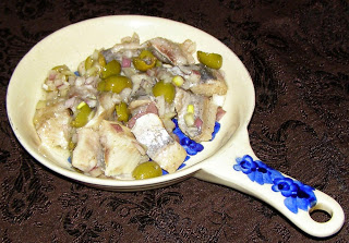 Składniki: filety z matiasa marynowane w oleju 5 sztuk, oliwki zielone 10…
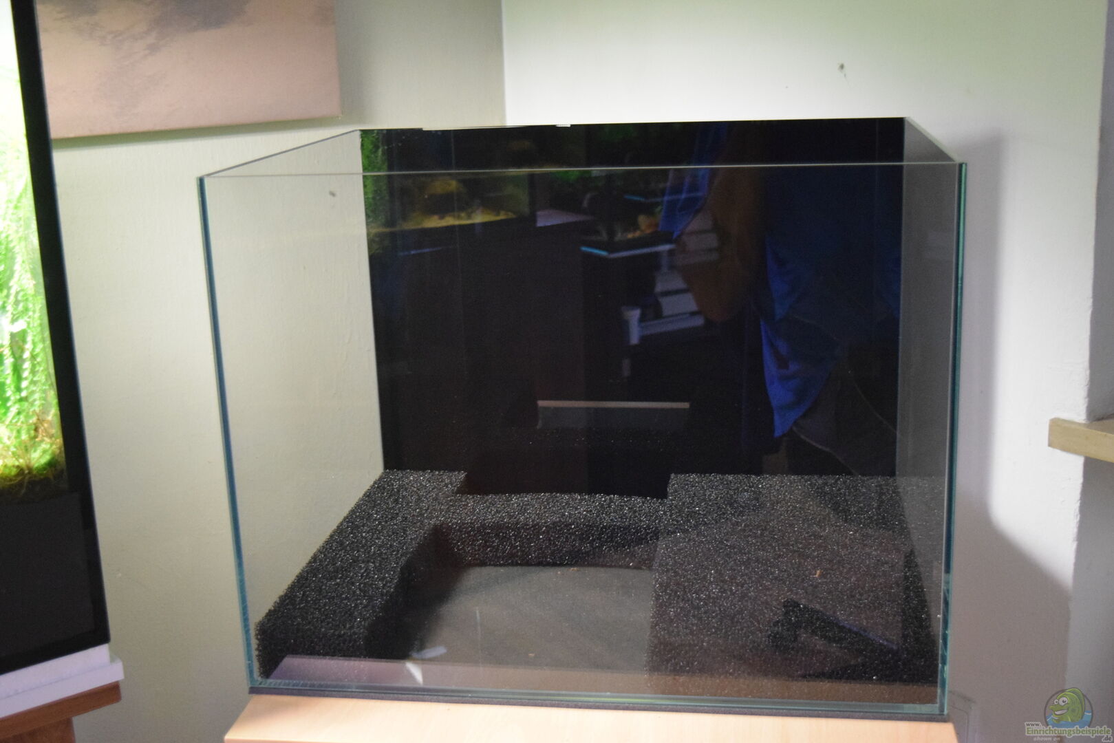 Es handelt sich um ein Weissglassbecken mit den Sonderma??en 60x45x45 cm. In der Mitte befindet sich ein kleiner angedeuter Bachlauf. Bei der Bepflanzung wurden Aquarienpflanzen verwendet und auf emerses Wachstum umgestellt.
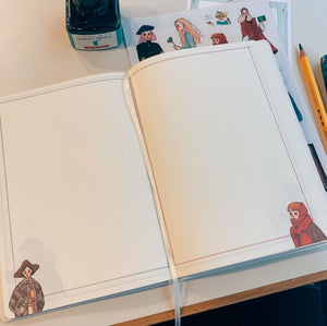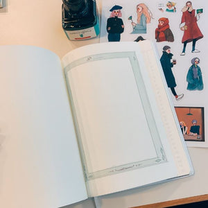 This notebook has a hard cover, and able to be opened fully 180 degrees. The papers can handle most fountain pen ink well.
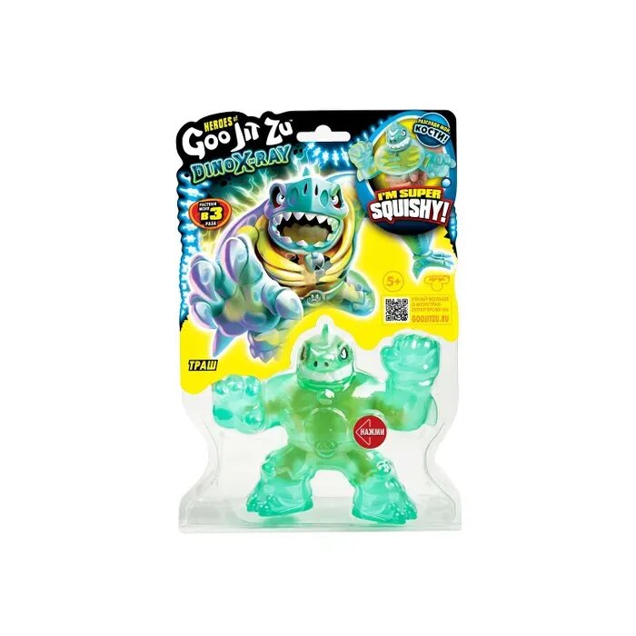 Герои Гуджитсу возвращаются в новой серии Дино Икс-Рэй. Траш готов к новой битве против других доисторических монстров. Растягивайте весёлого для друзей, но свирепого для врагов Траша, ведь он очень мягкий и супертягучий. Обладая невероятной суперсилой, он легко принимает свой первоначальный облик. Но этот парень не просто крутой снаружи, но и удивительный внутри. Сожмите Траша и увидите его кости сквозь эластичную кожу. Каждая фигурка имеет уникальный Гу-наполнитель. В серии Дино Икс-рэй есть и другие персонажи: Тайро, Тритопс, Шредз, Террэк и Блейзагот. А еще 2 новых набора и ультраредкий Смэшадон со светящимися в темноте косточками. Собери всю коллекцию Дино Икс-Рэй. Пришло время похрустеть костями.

--

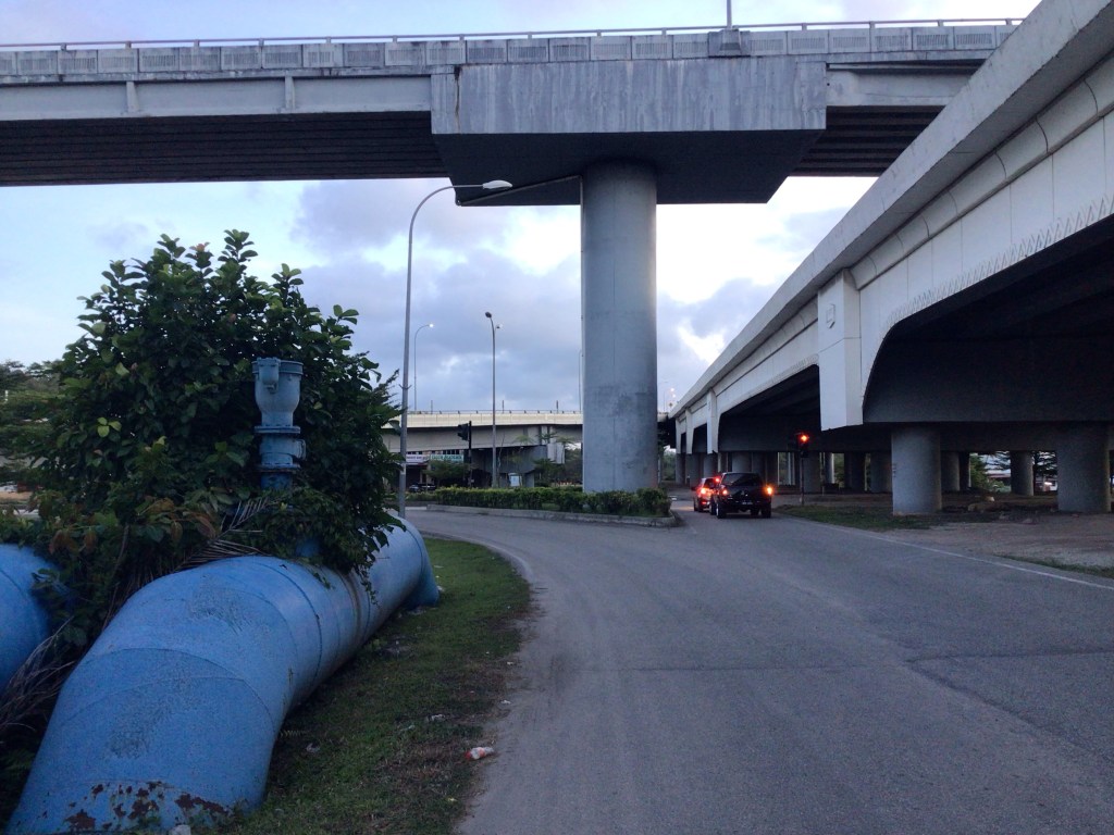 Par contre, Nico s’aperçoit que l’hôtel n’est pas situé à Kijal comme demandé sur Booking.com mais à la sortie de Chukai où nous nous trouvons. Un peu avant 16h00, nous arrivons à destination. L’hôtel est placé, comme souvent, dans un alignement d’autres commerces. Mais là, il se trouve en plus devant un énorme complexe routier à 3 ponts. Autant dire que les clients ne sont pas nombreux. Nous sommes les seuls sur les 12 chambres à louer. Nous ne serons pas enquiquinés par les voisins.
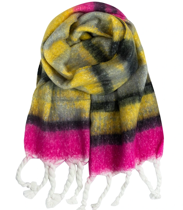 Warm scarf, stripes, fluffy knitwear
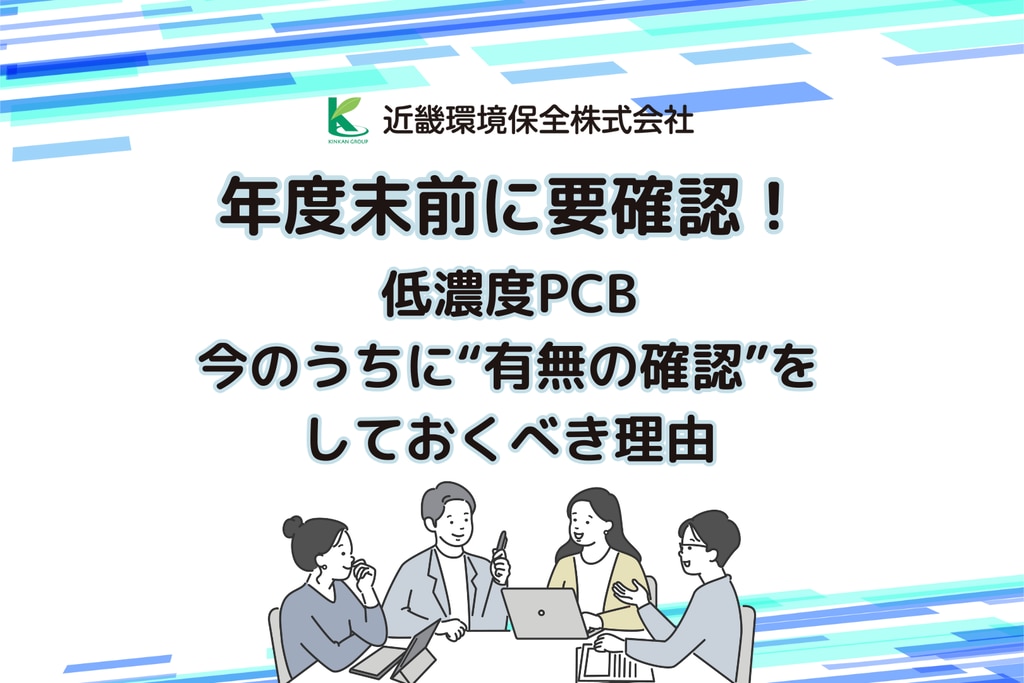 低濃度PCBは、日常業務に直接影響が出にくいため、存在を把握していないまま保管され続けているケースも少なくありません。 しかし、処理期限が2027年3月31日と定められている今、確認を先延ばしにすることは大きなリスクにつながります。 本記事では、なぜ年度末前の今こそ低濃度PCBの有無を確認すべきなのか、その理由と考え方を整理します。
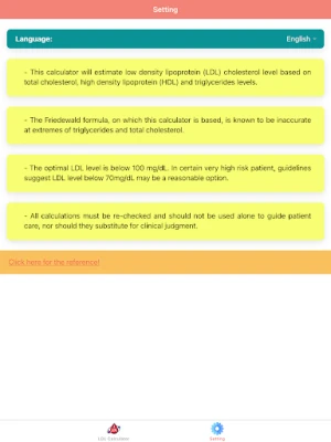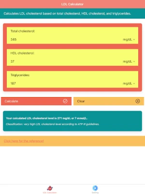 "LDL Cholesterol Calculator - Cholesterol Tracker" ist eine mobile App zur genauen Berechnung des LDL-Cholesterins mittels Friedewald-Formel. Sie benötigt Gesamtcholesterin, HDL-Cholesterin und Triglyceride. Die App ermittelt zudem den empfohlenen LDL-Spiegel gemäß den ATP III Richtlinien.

--

» **WORK ORDER**
Copy exactly, without pictures, the lines above from the one with "Składniki: filety z" down to the one with "This notebook has", inclusive.

» **SOLUTION TO THIS EXERCISE**
 Składniki: filety z matiasa marynowane w oleju 5 sztuk, oliwki zielone 10…
 Es handelt sich um ein Weissglassbecken mit den Sonderma??en 60x45x45 cm. In der Mitte befindet sich ein kleiner angedeuter Bachlauf. Bei der Bepflanzung wurden Aquarienpflanzen verwendet und auf emerses Wachstum umgestellt.
 This notebook has a hard cover, and able to be opened fully 180 degrees. The papers can handle most fountain pen ink well.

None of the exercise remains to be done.